Ketiga, peran sebagai controller (pengawas). Sudah bukan rahasia umum lagi jika laporan
masyarakat tentang terjadinya kasus korupsi sering tidak ditanggapi dengan baik oleh
aparat penegak hukum. Keluhan masyarakat bahwa informasi atau data yang mereka
sampaikan hanya dijadikan sebagai alat oleh aparat penegak hukum untuk memeras juga
tidak sedikit jumlahnya. Istilah di 86-kan kemudian menjadi populer sebagai bahan untuk
menyindir aparat karena lamban atau setengah hati dalam mengusut sebuah laporan.

Dengan segala keterbatasan, masyarakat nyatanya tetap memiliki energi yang luar biasa
untuk mengawal proses pengusutan kasus korupsi (case tracking) yang sedang dilakukan
oleh aparat.

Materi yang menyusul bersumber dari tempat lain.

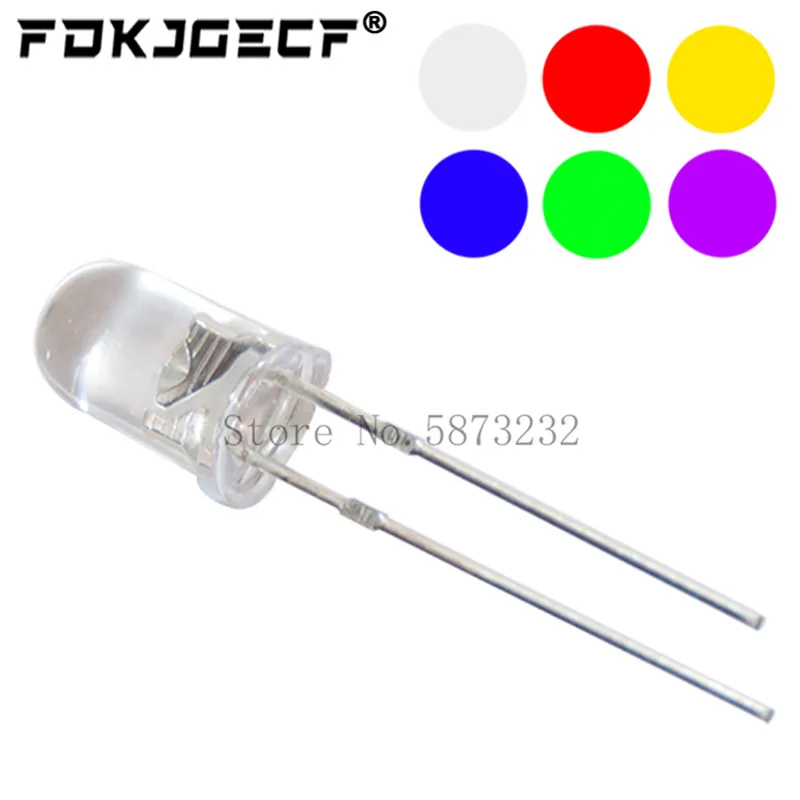 100 teile/los Transparent Runde 5mm super helle wasser klar Grün Rot weiß Gelb Blau Lila Licht led-lampen emittierende diode F5

Kegiatan unjuk rasa, dengar pendapat, diskusi publik, audiensi dan lain
sebagainya merupakan sarana yang kerap digunakan kelompok masyarakat untuk
mendorong percepatan penanganan korupsi. Memastikan bahwa pemberantasan korupsi
berjalan sesuai dengan harapan merupakan langkah yang tidak mungkin diabaikan
ditengah-tengah situasi aparat penegak hukum yang belum banyak berubah.

Apa yang dilakukan Kejati Nusa Tenggara Barat, Mohammad Ismail dengan mengajak
kelompok masyarakat dalam setiap gelar perkara, khususnya kasus korupsi merupakan
langkah maju yang seharusnya menjadi kebijakan penting di institusi Kejaksaan Agung.
Apalagi, Kejati NTB telah memerintahkan semua Kejari di NTB untuk melaksanakan
kebijakan yang sama (Koran Tempo, 21/12/05).

Pengakuan bahwa masyarakat dijadikan sebagai pihak dalam membongkar terjadinya


praktek korupsi akan memberikan kontribusi yang signifikan untuk mempercepat proses
penanganannya. Selain itu, peran masyarakat dalam mengawasi kinerja aparat penegak
hukum juga telah diakomodasi, meskipun baru sebatas wilayah NTB saja. Oleh
karenanya, kebijakan ini seharusnya menjadi bagian utuh dari komitmen Pemerintah
dalam memberantas korupsi secara nasional.